ONGOING: Trump’s Attack On Big Law

NYT: “One of Mr. Trump’s advisers has been in touch with [Cadwalader, Wickersham & Taft] to suggest that it sign a deal in which it would offer tens of millions of dollars in pro bono legal services to causes that the Trump administration supports.

DC Circuit: We Can’t Overturn SCOTUS Precedent

More on yesterday’s big decision by the D.C. Circuit Court of Appeals to reinstate the fired members of two independent agencies: Cathy Harris of the Merit Systems Protection Board and Gwynne Wilcox of the National Labor Relations Board.

Maine Is On The Frontline Of Trump’s Blue State Jihad

In the Trump administration’s ongoing bullying of Maine over trans athletes, the state is now suing the federal government over the Department of Agriculture’s move to freeze funding for the state, threatening the provision of school lunches.

The Destruction: Refugees And Fluoride Edition

  • Citing “drastic” government funding cuts, the U.S. Conference of Catholic Bishops’ Migration and Refugee Services, the largest refugee resettlement agency in the world, is ending its century-old program of resettling refugees fleeing war or persecution, the WaPo reports.
  • RFK Jr. is directing the CDC to change its recommendation supporting fluoride in drinking water.
  • REVERSAL: The National Park Service restored its original webpage on the Underground Railroad that included a previously deleted photo of Harriet Tubman.

DOGE Watch

DOGE will be able to access personal information of millions of union workers at the Education Department and OPM under a new order from the 4th Circuit Court of Appeals.

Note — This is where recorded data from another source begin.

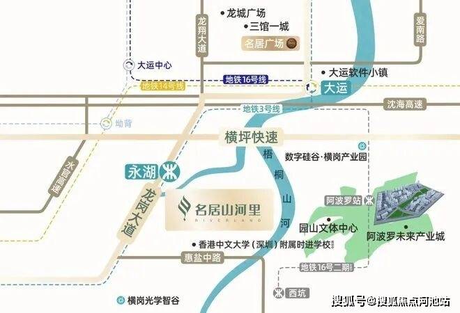 名居山河里,位于龙岗区园山街道3号地铁线米,地处龙岗黄金三角地带,北邻大运新城,东侧是阿波罗未来产业城,西南侧是横岗中心片区。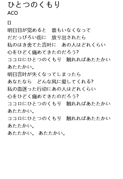 ココロにひとつのくもり 触れればあたたかい |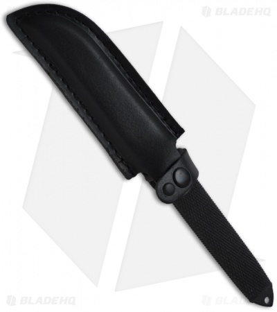 Smith and Wesson knives are built tough, like this SWHRT7T Boot knife, part of the Hostage Rescue Team line knife. The HRT 7 fixed blade tanto knife has a stainless steel blade that is black powder coat finished. The handle has textured rubber grip and a guard too. The breaker tip is useful in many situations and has the added utility of a lanyard hole. The sheath has button closure and a strong steel clip for carry.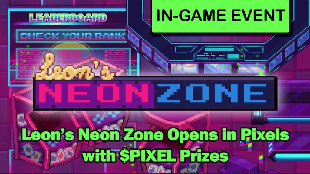 📄 Event Summary: Dive into Leon’s Neon Zone in Pixels, where players can enjoy arcade-style mini-games, compete on leaderboards, and win $PIXEL, NFT pets, wineries, and exclusive decor items using Zonez Tokens, Stuff Stubs, and Divining Doubloons!

N.C. Supreme Court Intervenes In Election Case

The North Carolina Supreme Court paused a lower court order that would has the potential to reverse the outcome of the closely-watched and still unresolved 2024 election to the high court. Justice Allison Riggs and the State Election Board had filed an appeal seeking the stay.

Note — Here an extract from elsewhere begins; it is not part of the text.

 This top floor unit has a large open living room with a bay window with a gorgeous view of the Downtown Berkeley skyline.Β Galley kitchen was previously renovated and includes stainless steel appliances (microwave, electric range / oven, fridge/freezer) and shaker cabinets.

Couldn’t Happen To A Nicer Guy

Former Wisconsin Supreme Court Justice Michael Gableman has agreed to give up his law license for three years over his repeated misconduct during his Big Lie-adjacent review of the state’s 2020 election for GOP lawmakers eager to find election fraud.

In Defense of Temporary Obsessions

From a delightful little essay by Ankita Shah: “In a world that wants mastery or monetisation as the outcome of every fleeting interest, temporary obsessions are little rebellions. Their purpose is to restore order in the playground that is your life.”